Process model discovered for the HB. The numbered edges are added by our method.

Table 3. Dependency conditions discovered for the HB log.

Limitations. We acknowledge that there are some limitations to our method. First, we only consider conditional directly-follows dependencies. Like most process mining approaches, our method requires sufficiently large event logs. Small event logs might, by chance, not contain all directly-follows relations. Moreover, more complex patterns of conditional infrequent behavior, e.g., longer sequences or sub-processes, cannot be discovered. Second, there is a risk that the returned C-nets are unsound [22] since our method is based on the HM. However, recent research shows that it is possible to structure the discovered model afterwards [30]. Third, as all data-driven method the DHM relies on data attributes and infrequent process paths being recorded. Last, we used only two real-life event logs in the evaluation. Therefore, only limited claims on the general applicability of the method can be made. We have also tested the DHM on other event logs. However, very few event logs with data attribute are publicly available.

6 Conclusion

We presented the Data-aware Heuristic Miner (DHM), a process discovery method that reveals conditional infrequent behavior from event logs.

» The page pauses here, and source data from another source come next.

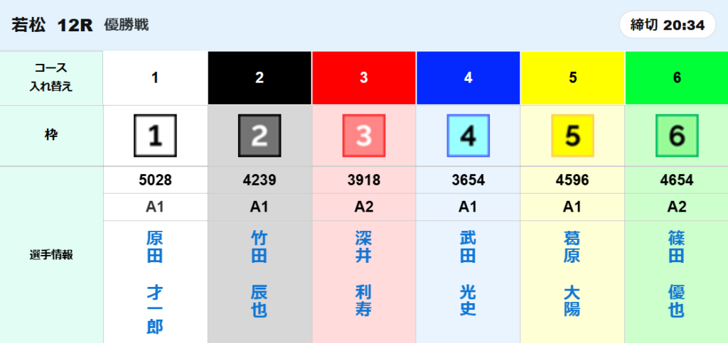 今回は、若松12Rの優勝戦を予想していきます。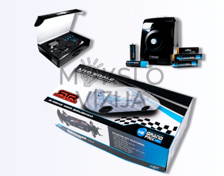 - Skaidrus kėbulas, H-cell laikiklis, papildomi keturi ratlankiai ir padangos.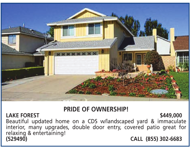 LAKE FOREST $449,000 Beautiful updated home on a CDS w/landscaped yard & immaculate interior, many upgrades, double door entry, covered patio great for relaxing & entertaining! (529490) CALL (855) 302-6683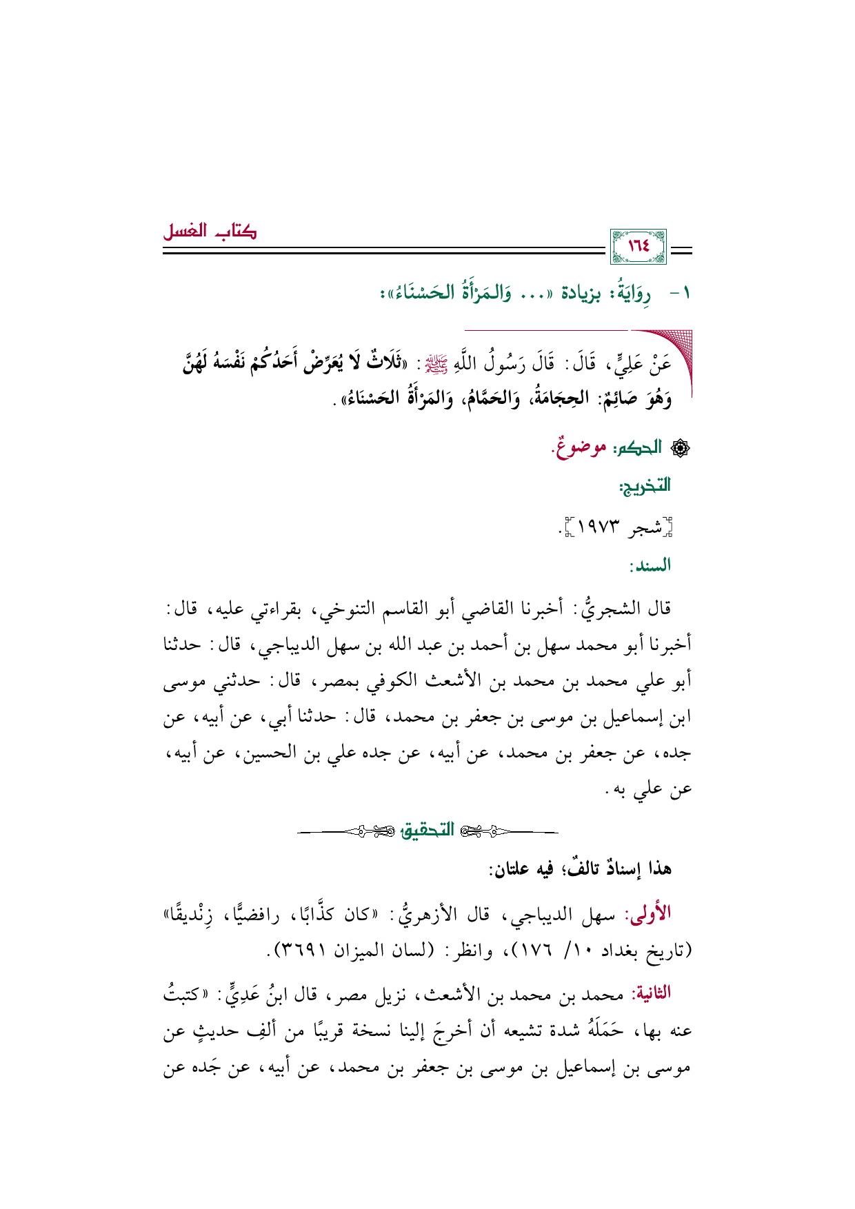قال الشجريُّ: أخبرنا القاضي أبو القاسم التنوخي، بقراءتي عليه، قال: أخبرنا أبو محمد سهل بن أحمد بن عبد الله بن سهل الديباجي، قال: حدثنا أبو علي محمد بن محمد بن الأشعث الكوفي بمصر، قال: حدثني موسى بن إسماعيل بن موسى بن جعفر بن محمد، قال: حدثنا أبي، عن أبيه، عن جده، عن جعفر بن محمد، عن أبيه، عن جده علي بن الحسين، عن أبيه، عن علي به.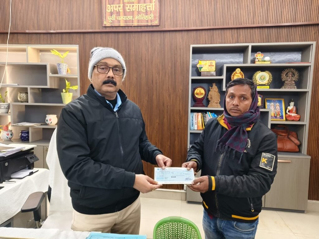 पश्चिम बंगाल राज्य के पूर्व वर्द्धमान जिला में बीते 15 अगस्त 2025 को सड़क दुर्घटना में पूर्वी चम्पारण के 11 व्यक्तियों की मृत्यु हो गई थी। 35 लोग घायल हो गए थे। इस घटना के बाद मुख्यमंत्री ने प्रत्येक मृतक के परिजनों को 2 लाख रुपए तथा घायलों को 50 हजार रुपए मुख्यमंत्री राहत कोष से अनुदान देने की घोषणा की थी। इसके आलोक में जिला आपदा प्रबंधन शाखा ने लाभुकों के बीच कुल 39 लाख 50 हजार के अनुग्रह अनुदान के भुगतान के लिए आज अपर समाहर्ता मुकेश कुमार सिन्हा ने चेक वितरण किया l इस अवसर पर सहायक आपदा प्रबंधन पदाधिकारी अखिलेश कुमार भी उपस्थित रहे!
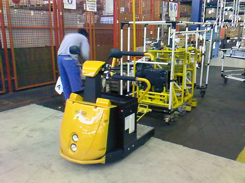 I trattori elettrici trainano carrelli con ripiani per gestire i piccoli contenitori, trolley con pianale per trasportare interi pallet o carrelli dollies per movimentare pile di cassette. Il sistema Milk Run è ottenuto grazie al timone di traino nella parte anteriore del carrello, che crea treni logistici ottimizzati per l'asservimento delle linee.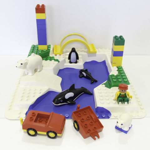 Un grand jeu de Marindland avec une grande piscine et des briques de couleurs pour monter des murs ainsi que quelques ustensiles : 2 ponts, caméra, des fleurs et feuillage, voiture, personnages, otari...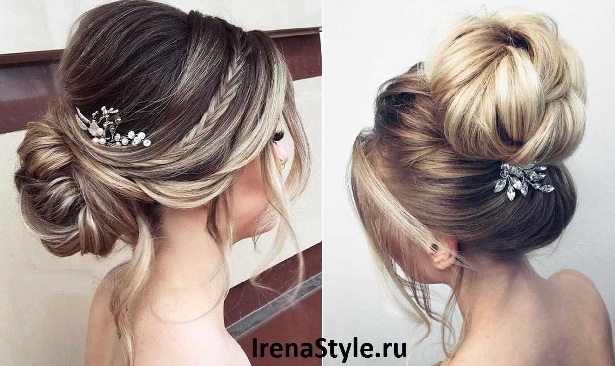 Это очень элегантная и женственная прическа, которая идеально подойдет для выпускного бала. Есть множество ее вариаций. Можно сделать гладкий пучок, пучок с косичками. В качестве украшений можно использовать живые цветы, банты или ленты, необычные заколки.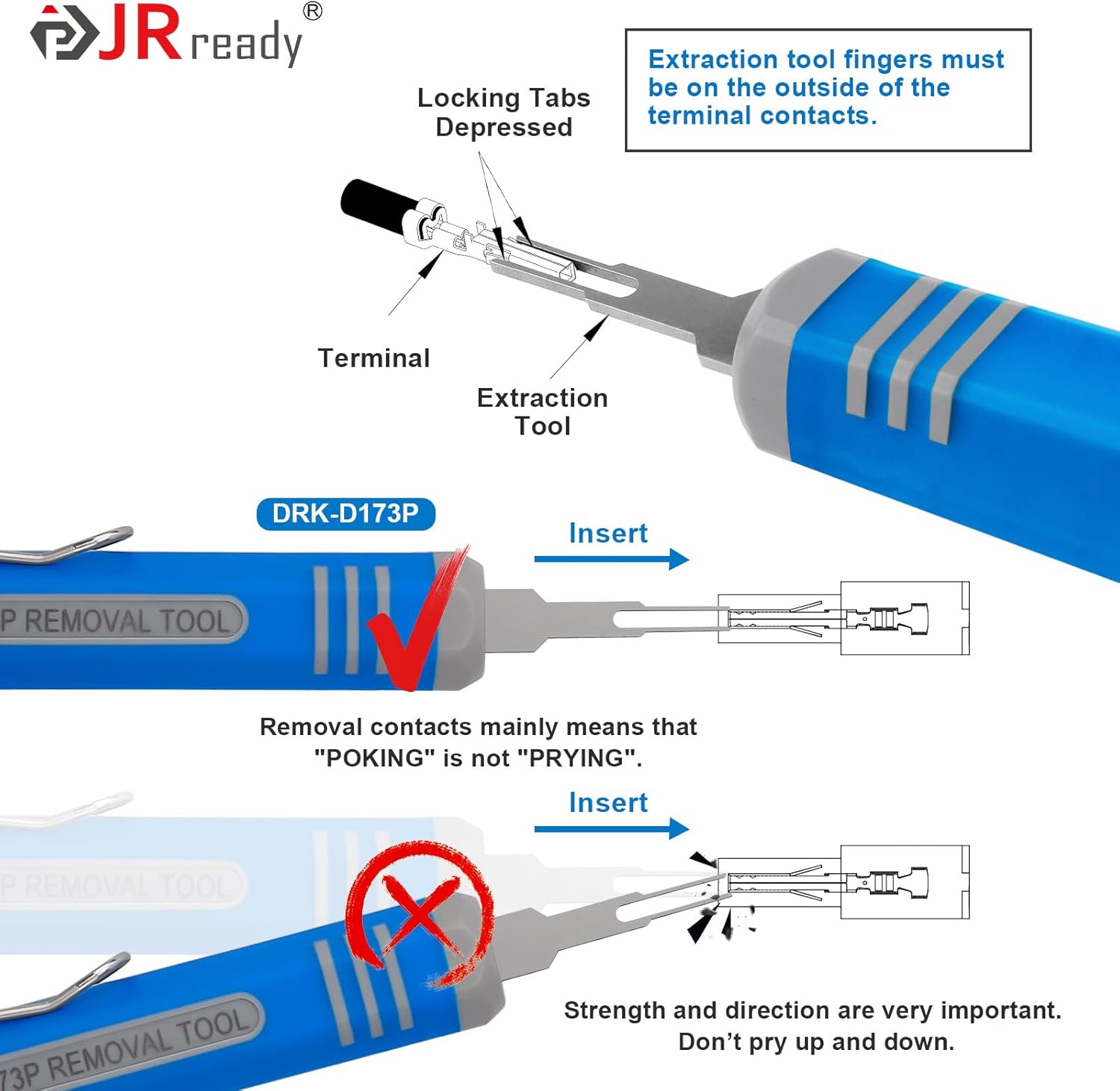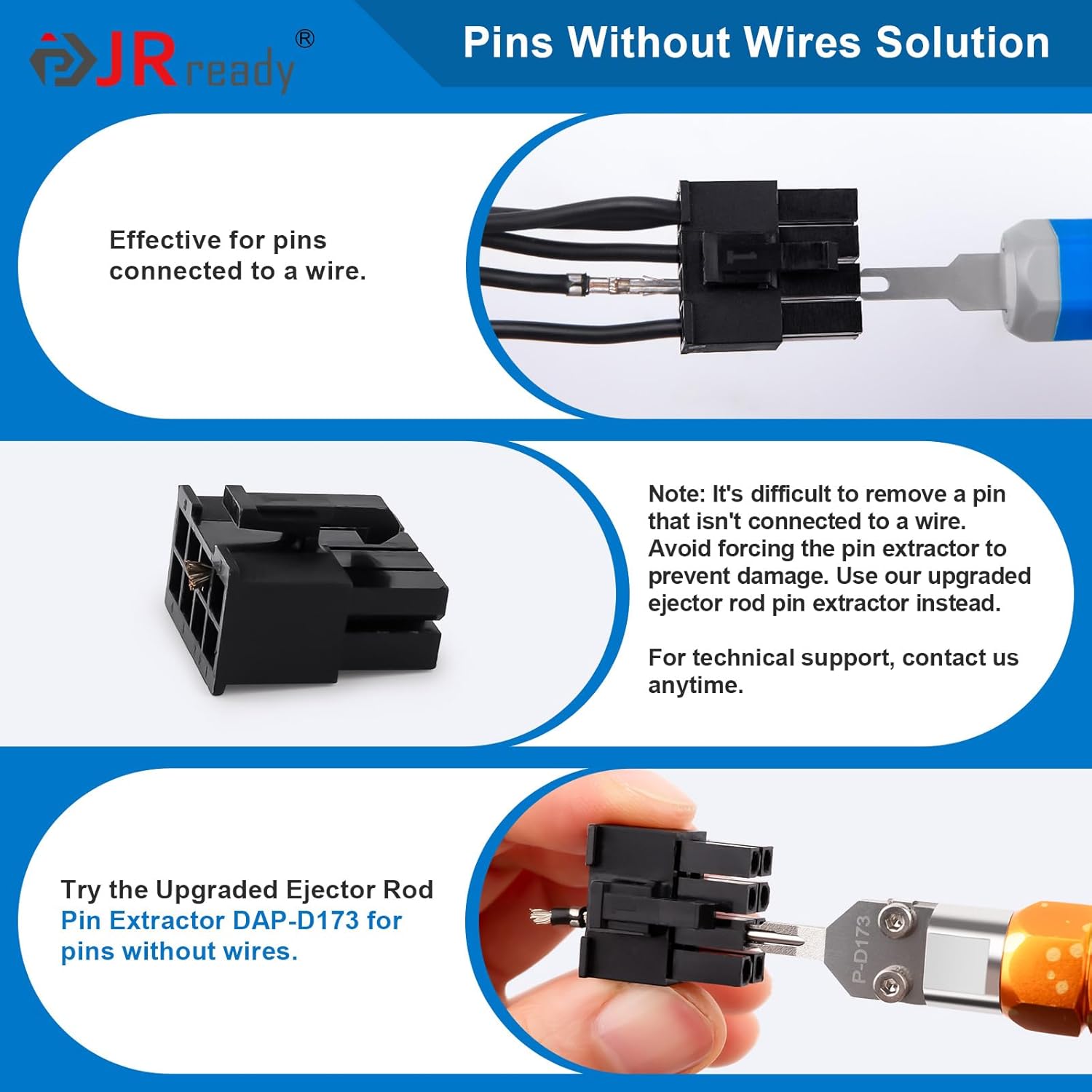 - [JRready Commitment] At JRready, customer satisfaction is our top priority. We offer high-quality products and support. Our DRK-D173P pin removal tool is ideal for extracting pins that still have wires attached. For pins without wires, we recommend our enhanced Ejector Rod Pin Extractor, crafted for both precision and efficiency. For extra support, feel free to contact us anytime. We're always here to assist!

The DHM distinguishes undesired noise from infrequent behavior that can be characterized by conditions over the data attributes of the event log. This is the first approach that uses both event labels and data attributes when discovering the control-flow. Dependency conditions are discovered using classification techniques, and, then, embedded in a complete process discovery algorithm built upon the Heuristic Miner. The returned process models are annotated with information on the discovered rules. We applied the DHM to a synthetic and two real-life events logs of considerable size and complexity. We showed that the DHM can efficiently handle large event logs and is robust against typical levels of random noise. The evaluation on two real-life cases shows that the DHM provides insights that could be easily missed when relying on state-of-the-art, frequency-based techniques. In our future work, we would like to extend the idea from directly-follows relations to more complex patterns of conditional behavior (e.g., long-term dependencies). The DHM successfully reveals data dependencies based on directly-follows relations, but dependencies that cannot be captured by directly-follows relations might be missed.